Just like during the Gold Rush, the promise of Silicon Valley has been attracting talent and venture ideas to California for years. The new American Dream, thanks to the last decade of the Silicon Valley reign, transformed into the opportunity to become an entrepreneur, secure easy capital and unlock quick growth to sustain capital consistently.
But if the Valley was a solid bubble for a while, it has certainly burst—or come close to bursting. We are witnessing major shifts in how the Valley operates, what it takes to succeed and what success even looks like moving forward.
There are a few reasons why this shift is inevitable and unraveling as we speak.
One, the change in consumer behavior on a large scale. There is more accountability required on the companies’ side as the users and end consumers demand transparency, authenticity and consciousness from companies. This is a lot an effect of the rise of Big Tech—the giants in tech that have been vilified due to their misuse of data, consistent leaks and cyberattacks, lack of laser focus on user privacy and data protection, as well as larger negative effects of their products on users’ day-to-day lives. Big Tech has become the villain of the Valley—and set a much higher benchmark for newcomers in the industry to earn consumer and investor trust.
This lack of trust has also been shaken by the rise of the “founder” persona—particularly the risky, untrustworthy, opportunistic kind whose outbursts and questionable behavior are no longer accepted and can be publicly judged rather than tolerated.
Two, the massive hit that growth “hacking” and digital advertising has taken. With the App Tracking Transparency changing the game and users becoming more educated on the way their data has been used for advertising purposes, startups are losing the opportunity to target users with the same granularity as before in order to achieve speedy growth and acquire a user base that reassures the investors in the company’s viability. Now, companies (and their founders) need to focus on trust development, strategies around the company’s impact on society and the development of brand capital that can facilitate everything above.

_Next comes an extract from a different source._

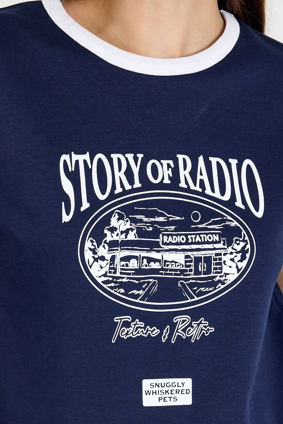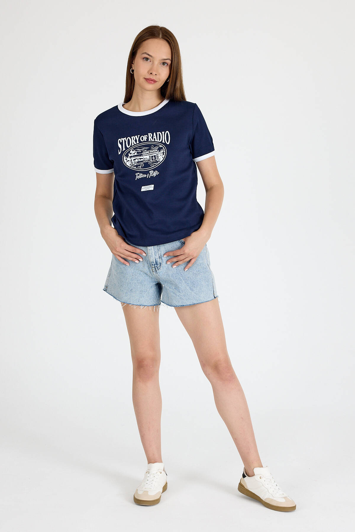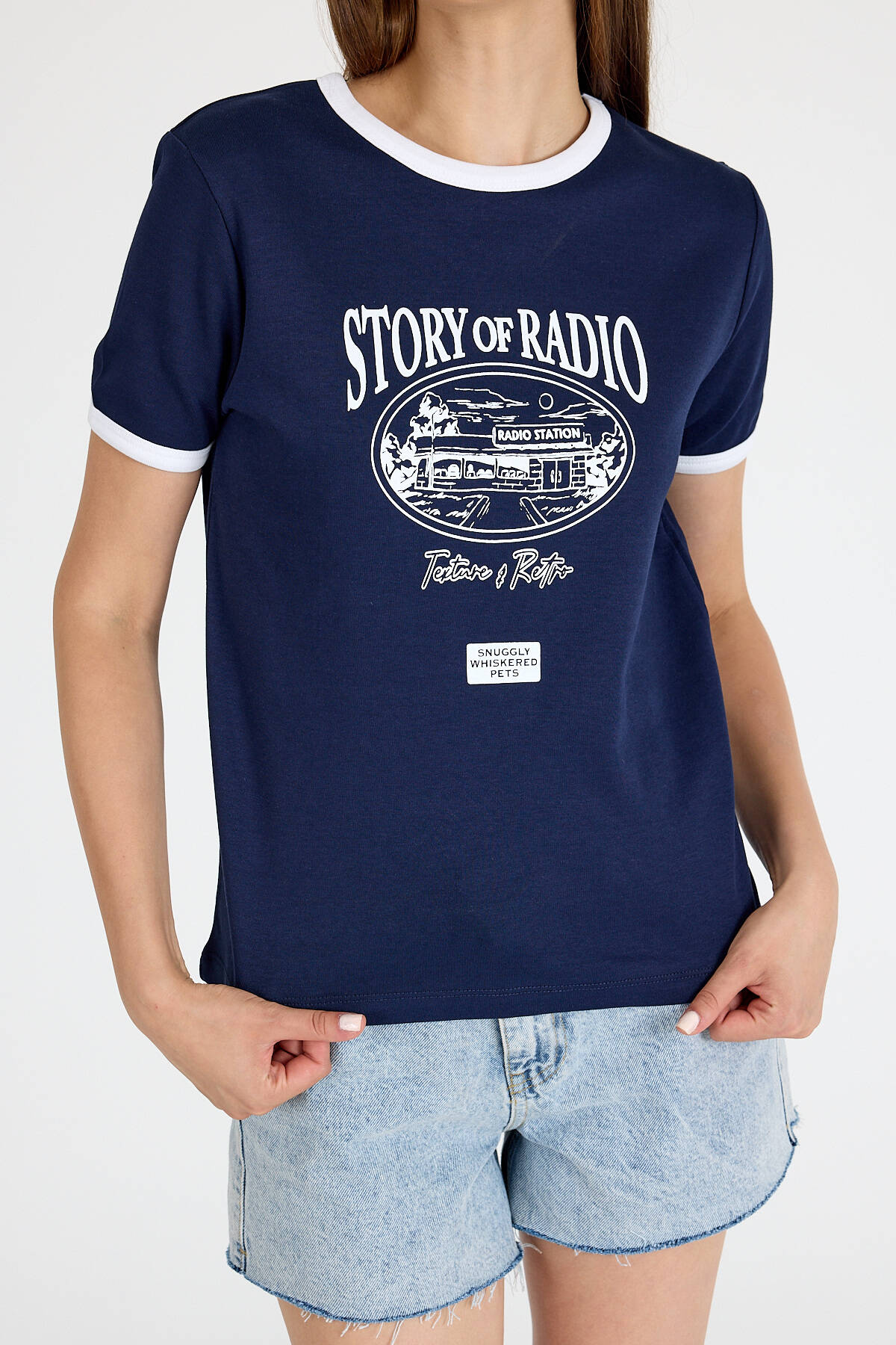 Laci Ribana Yaka ve Kol Detaylı Yazı Baskılı Tişört 5875

Three, lightning-fast acquisition and growth being insufficient for long-term profitability. With the examples of over-valued companies who are quickly losing their price tag in light of the economic downturn we are moving into, the venture capital and investor world has experienced a significant wake-up call in how they select the ideas and companies to channel their funds into. What were the winning criteria previously—fast growth, the “move fast, break things” mentality, focus on quick wins and short-term targets—these are not enough to win over investors anymore.
With all the above in mind, here are the qualities that the next generation of Silicon Valley companies will—and should—share in order to succeed.
1. Sustainable long-term growth.
The next suite of companies to come out of the Valley will not share the same story of skyrocketing growth, and the investors will not be blinded by quick acquisition numbers anymore either. Instead, long-term profitability and gradual, incremental growth will become the markers of an investment-worthy venture.
2. Retention and acquisition.
If user acquisition was the qualifier to secure capital, it wouldn’t be enough to show interest in getting funding—the bigger challenge will become the proof of concept through retention loops that showcase the ongoing interest and need in the product.
3. Conscious companies with intentional impact.
Transparency, intentionality and social responsibility will become key to long-term success for companies because it would mean winning and maintaining user trust. The user buy-in is becoming harder and harder to get—and it’s the most highly contested commodity for a company.
4. Carefully curated founder persona.
The era of charismatic yet intolerable founders is over—and with this, venture capitalists and investors will be channeling their funds into founders who are level-headed, have the necessary expertise, and show proof of the ability to take a company to the next level. Zooming back, founder personas will rarely be the centerpiece of a startup’s brand identity—in addition to ensuring a carefully planned founder repertoire, newcomer companies will focus on fortifying the brand’s reputation first.
5. Building brand equity and community.
Last but not least, the next generation of Silicon Valley companies will develop consistent brand identities tied to the social impact, benefits of the product and promise to the users. While this was easily overlooked in the past decade due to the fact that growth has been largely driven by product, moving forward, startups will need to focus on leveraging brand equity and community-building to solidify their growth trajectory, get user support and show proof of sustainable growth to investors.
Conclusion
Change is the only constant—and it was only a matter of time before this rule applies to how Silicon Valley operates as well. The romanticized notion of becoming a founder, easily securing capital, and building the next Facebook or Google becomes more and more like a myth. As this “bubble” of opportunity is bursting, true merit, strong branding, intentionality, impact, corporate responsibility, and, of course, retention, in addition to acquisition, become some of the many factors that will identify winning and losing startups of the next generation.
Succeeding in Silicon Valley won’t be a guarantee or a high-chance win anymore; instead, it will be a challenge only those who adapt will overcome.